What is model based testing?

Creating test cases in any development method is at the core of testing and can be very time consuming, especially when conducted manually. Also, test-case development can be prone to interpretation errors when the test base – be it requirements, design documents or any other artifact – is ambiguous. Model based testing attacks these problems by using formal models to generate testcases. 

Model Based Testing (MBT) ranges from full-blown test automation in which test cases from models are created and executed all in one go by an MBT suite via Model-Based Test Design (MBTD, often referred to as Automated Test Design), aiming at shortening test-case development lead time to Model-Based Review (MBR) which aims at reducing test base ambiguity through models without delivering actual test cases.

The definition of model is quite broad: any artifact that is unambiguous and can be interpreted by a computer program is considered ‘a model’, so a process diagram from a sophisticated modeling workbench fulfills this definition, but in some cases a simple checklist fulfills it as well.

People Involved

In Model Based Review models are used as a means to assess the quality of requirements, designs, etc.. The models are prepared by the test discipline and reviewed by the owners of the original design, analysis or whatever artifact the model is representing.

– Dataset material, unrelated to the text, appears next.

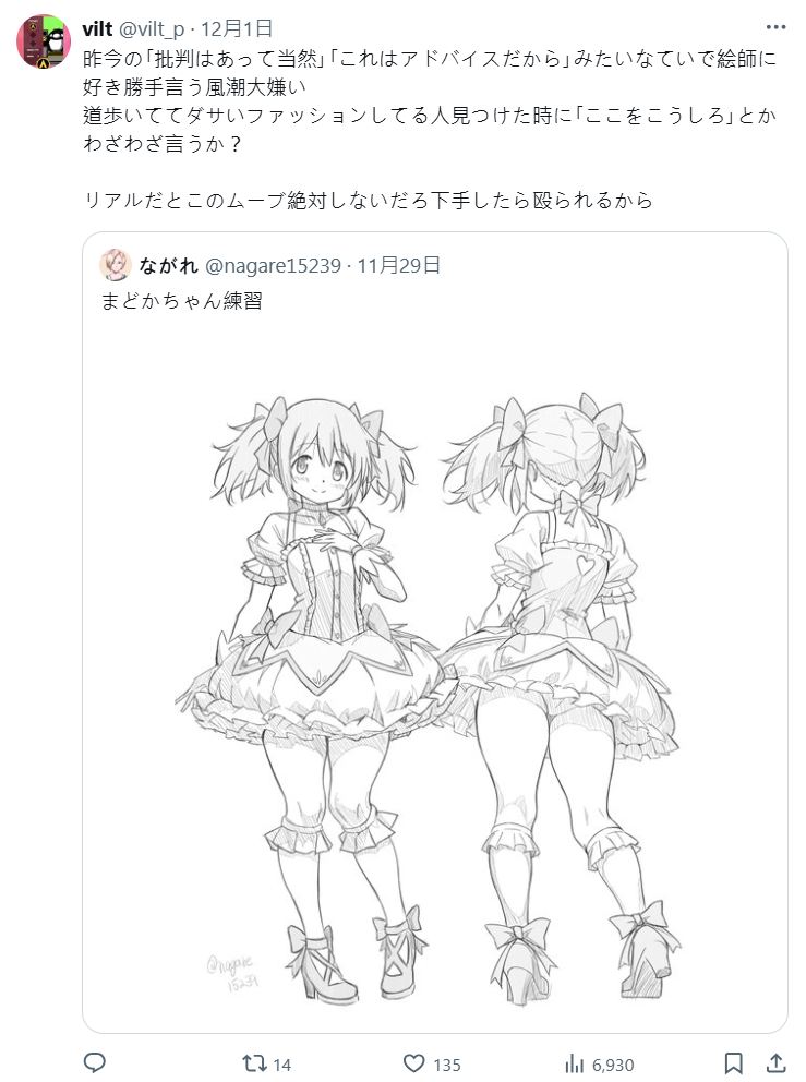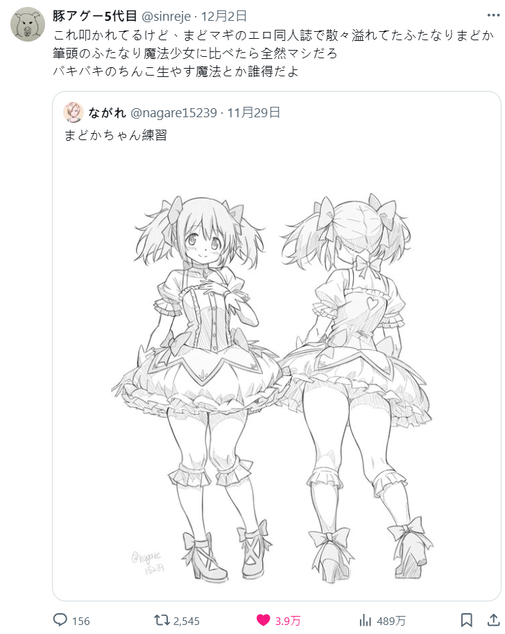 近日有位喜愛《魔法少女小圓》的繪師ながれ ( @nagare15239 ),分享自己繪製主角鹿目圓的插圖,卻被部分網友批評「大腿畫太粗」、「刻意露內褲」等原作不同的問題,這件事情也在網上掀起熱議,到底這樣是否合理。

In Model Based Test Design - or Automated Test Design - the origin of the models may lie with all kind of disciplines, as long as the models contain the right data in sufficient detail to derive test cases from.

Artifacts

Some commonly used models are:

  • For process descriptions:
    • flow diagram
  • For business rules:
    • pseudo code,
    • decision table
  • For data driven testing:
    • classification tree

Output artifacts are:

Automated Test Design usually results in test case suites either in HTML (for manual testing), in spreadsheet format (very well suited for uploading to Test Management Tooling or in XML format (very well suited as input for automated test execution).

Success Factors

Reality cannot be captured in one single model, so if you need to test several aspects, make use of more than one model.
Model Based Testing is the means to an end to a larger whole: if the larger whole (e.g. a fully automated regression test set) is unclear, expectations might become vague and/or unrealistic.
Managing the models, not the resulting test cases. When the resulting test cases are enriched with additional data, one looses the advantage of re-generating test cases ‘with the push of a button’.